Takes the integral of an expression.

∫(*expression*,*variable*)

∫(*expression*,*variable*,*constant*)

∫(*expression*,*variable*,*lower*,*upper*)

**Menu Location**

Press [2nd][7] to enter ∫(.

This command works on all calculators.

2 bytes

∫(*expression*,*variable*) takes the integral of *expression* (symbolically) with respect to *variable*. All other variables are treated as constant.

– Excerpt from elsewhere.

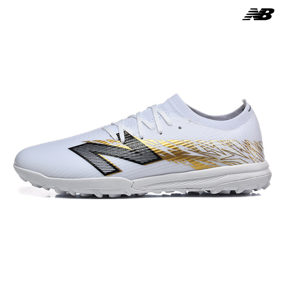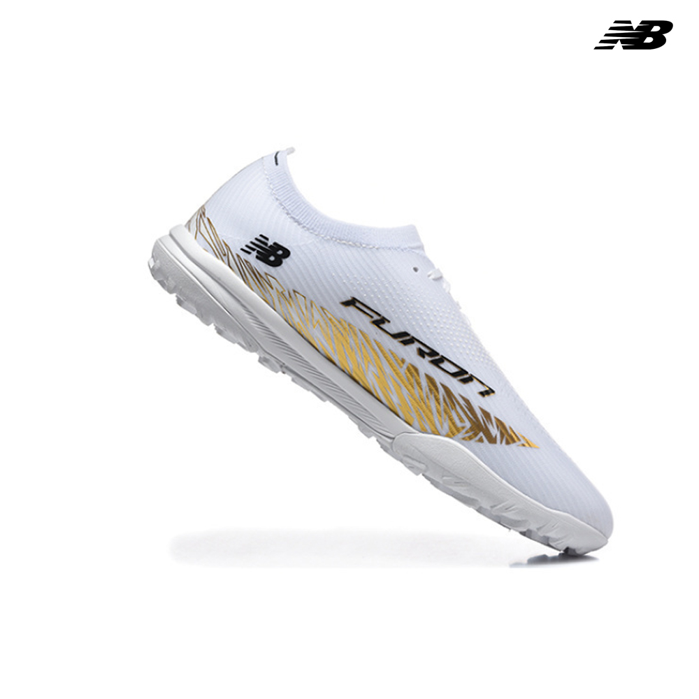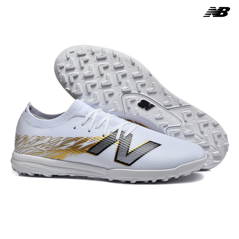 Tem muitos pequenos "bumpers" ou travas de borracha curtas e arredondadas (muito mais do que nas AG/FG, espalhadas densamente pela sola), em vez de travas altas. Isso distribui a pressão uniformemente pelo pé, dá tração boa sem penetrar demais, e oferece amortecimento extra (a sola é muitas vezes de borracha flexível com midsole acolchoado), o que reduz o impacto nas articulações em pisos duros e abrasivos.

There are three ways to use ∫(). The syntax above returns an indefinite integral. ∫(*expression*,*variable*,*c*) does the same, but with a constant of integration, *c* (this will just get added on to the result). Finally, ∫(*expression*,*variable*,*a*,*b*) takes a definite integral from *a* to *b*. These limits can be anything, including undefined variables, ∞ and -∞, as long as they don't depend on *variable*.

```
:∫(x^2,x)
x^3/3
:∫(x^2,x,c)
x^3/3+c
:∫(x^2,x,a,b)
b^3/3-a^3/3
```

Indefinite integrals are always computed exactly or not at all: if a part of the expression (or the entire expression) can't be integrated, the result will stay in terms of ∫(). However, definite integrals will sometimes be approximated, depending on the Exact/Approx mode setting:

- If EXACT, integrals will never be approximated.
- If AUTO, the calculator will approximate integrals like ∫(
*e*^(-x^2),x,-1,1) that it can't compute exactly. - If APPROX, all definite integrals will be done numerically if possible.

```
:∫(e^(-x^2),x)
∫(e^(-x^2),x)
:∫(e^(-x^2),x,-1,1)
2*∫(e^(-x^2),x,0,1) (in EXACT mode)
1.49365 (in AUTO or APPROX mode)
```

Finally, you can take multiple integrals by applying ∫() to the result of another ∫() (any number of times). The integration limits of the inner integrals can involve the variables of the outer integrals.

```
:∫(∫(x*y,x),y)
y^2*x^2/4
:∫(∫(x*y,x,0,y),y,0,1)
1/8
```

If the expression is a list or matrix, ∫() takes the integral of each element.

# Error Conditions

**140 - Argument must be a variable name** happens when the variable of integration isn't a variable.

**220 - Dependent limit** happens when the integration limits depend on the variable of integration.